Judge of the Kerala High Court
- Incumbent
- Assumed office 22 March 2024
- Nominated by: D. Y. Chandrachud
- Appointed by: Droupadi Murmu

Personal details
- Born: 4 May 1972 (age 54) Kerala
- Alma mater: Sree Kerala Varma College Symbiosis Law School CUSAT
- Website: High Court of Kerala

= P.M. Manoj =

Manoj Pulamby Madhavan is an Indian judge who is presently serving as a judge of Kerala High Court. The High Court of Kerala is the highest court in the Indian state of Kerala and in the Union Territory of Lakshadweep. The High Court of Kerala is headquartered at Ernakulam, Kochi. Manoj was elevated as judge from the bar while he was practicing as a lawyer in Kerala High Court..

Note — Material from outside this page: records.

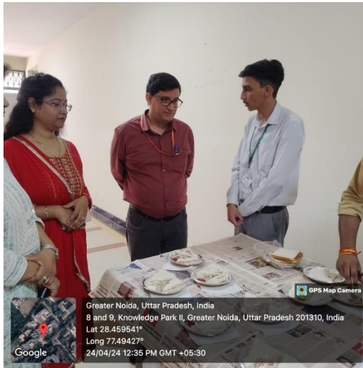
Greater Noida, Uttar Pradesh, India 8 and 9, Knowledge Park II, Greater Noida, Uttar Pradesh 201310, India Lat 28.459541° Long 77.49427° 24/04/24 12:35 PM GMT +05:30
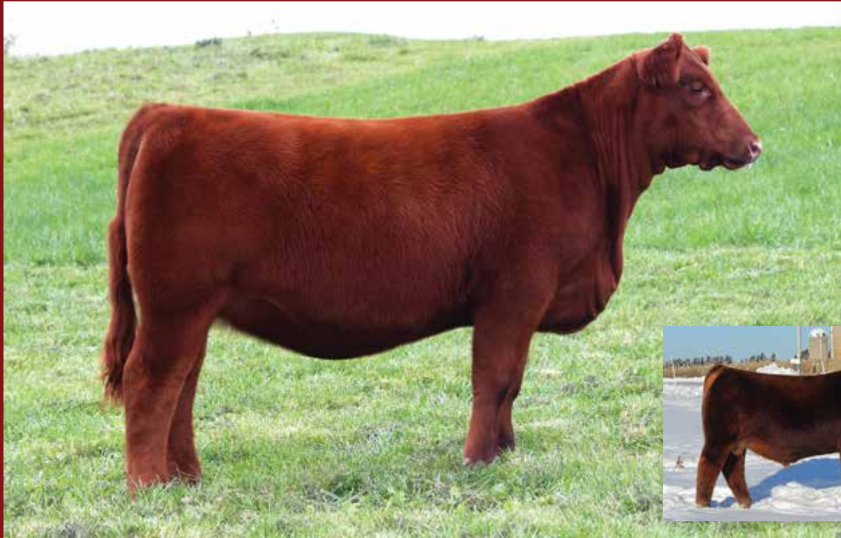
Heartless Sire of Lot 20
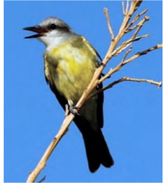
Figure 1: Fledgling Tropical Kingbird, Santa Cruz Flats, 7 August 2013.

From the 1950s to the beginning of the Arizona Breeding Bird Atlas (Atlas) period in the early 1990s, Tropical Kingbirds expanded their nesting range in the state (Phillips et al. 1964, Monson and Phillips 1981). First reported mainly along the Santa Cruz River between Tucson and Nogales, Tropical Kingbirds were discovered nesting at Cook’s Lake between Mammoth and Dudleyville on the lower San Pedro River in 1975 (Monson and Phillips 1981), and by the mid-1980s they had expanded their breeding along the river from Dudleyville to San Manuel (Corman 2005). During this period there were also several reports of nesting away from the Santa Cruz and San Pedro rivers, including along the Salt River east of Phoenix in 1956, the San Bernardino Ranch east of Douglas in 1976, and Arivaca in 1977 (Monson and Phillips 1981).
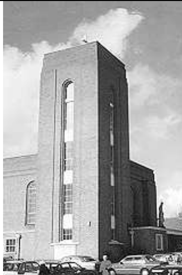
OUR LADY, QUEEN OF APOSTLES
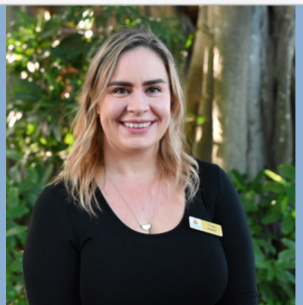
Head of Vocational Education & Careers
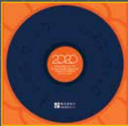
BEST OF CHINA TOPPAN MERRILL LIMITED for HARBIN BANK CO., LTD.
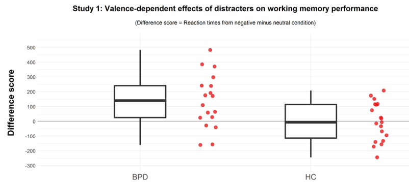
Figure 1. Separate boxplots and individual results of response latencies for trials with negative distracters controlled for response latencies to neutral stimuli for patients with BPD and healthy controls.

(rated from 1 - very negative to 9 - very positive) were M = 5.01 , SD = 0.35 for neutral stimuli, and M = 2.33 , SD = 0.42 for negative stimuli. Arousal ratings (rated from 1 - not arousing at all to 9 - highly arousing) were M = 3.75 , SD = 0.86 for neutral stimuli, and M = 5.86 , SD = 0.82 for negative stimuli. Neutral and negative stimuli were matched with regard to luminance and visual complexity as determined from jpeg size in bytes (all p 's > 0.40 ) 37 .
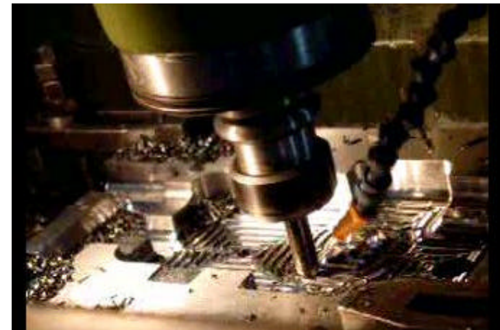
View of machining
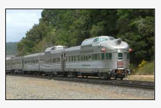
So you want to buy a railroad car – How about one of these? See page 3.
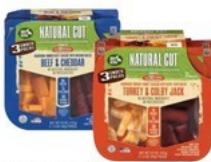
OLD WISCONSIN SNACK TRAYS select varieties 4.5 oz.
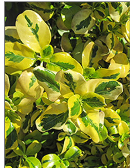
Taupata Gold Mirror Bush foliage
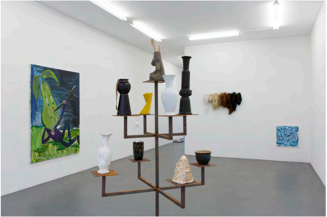
Installationsansicht/ installation view, Photo: Tamara Lorenz
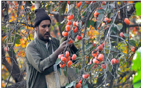
PESHAWAR: Worker busy in plucking Japanese fruit at farm house.

dismissed the petition for non-compliance. It is pertinent to note that a contempt of court petition was filed in the IHC against PML-N leader Nawaz Sharif for his anti-judiciary speeches in 2018. The court had fixed the five years old petition for hearing today. The registrar's office had issued a cause list for fixing the case. It is to be noted that Nawaz Sharif landed in Pakistan after ending his self-exile of four years, last month.
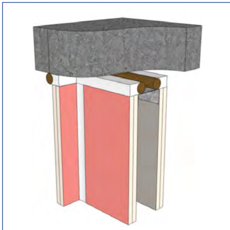
FS702 Intumastic plasterboard to concrete linear gap seal with PE backer rod: EI120

==Early life and education==
Manoj graduated from Sree Kerala Varma College, obtained Law Degree from Symbiosis Law School and masters in Law from CUSAT.

==Career==
Manoj enrolled as an advocate in Bar Council of Kerala in 1999 and started practice. Served as Government Pleader in Kerala High Court. On 22 March 2024, he was appointed as an additional judge of Kerala High Court and became permanent judge with effect from 04 March 2026.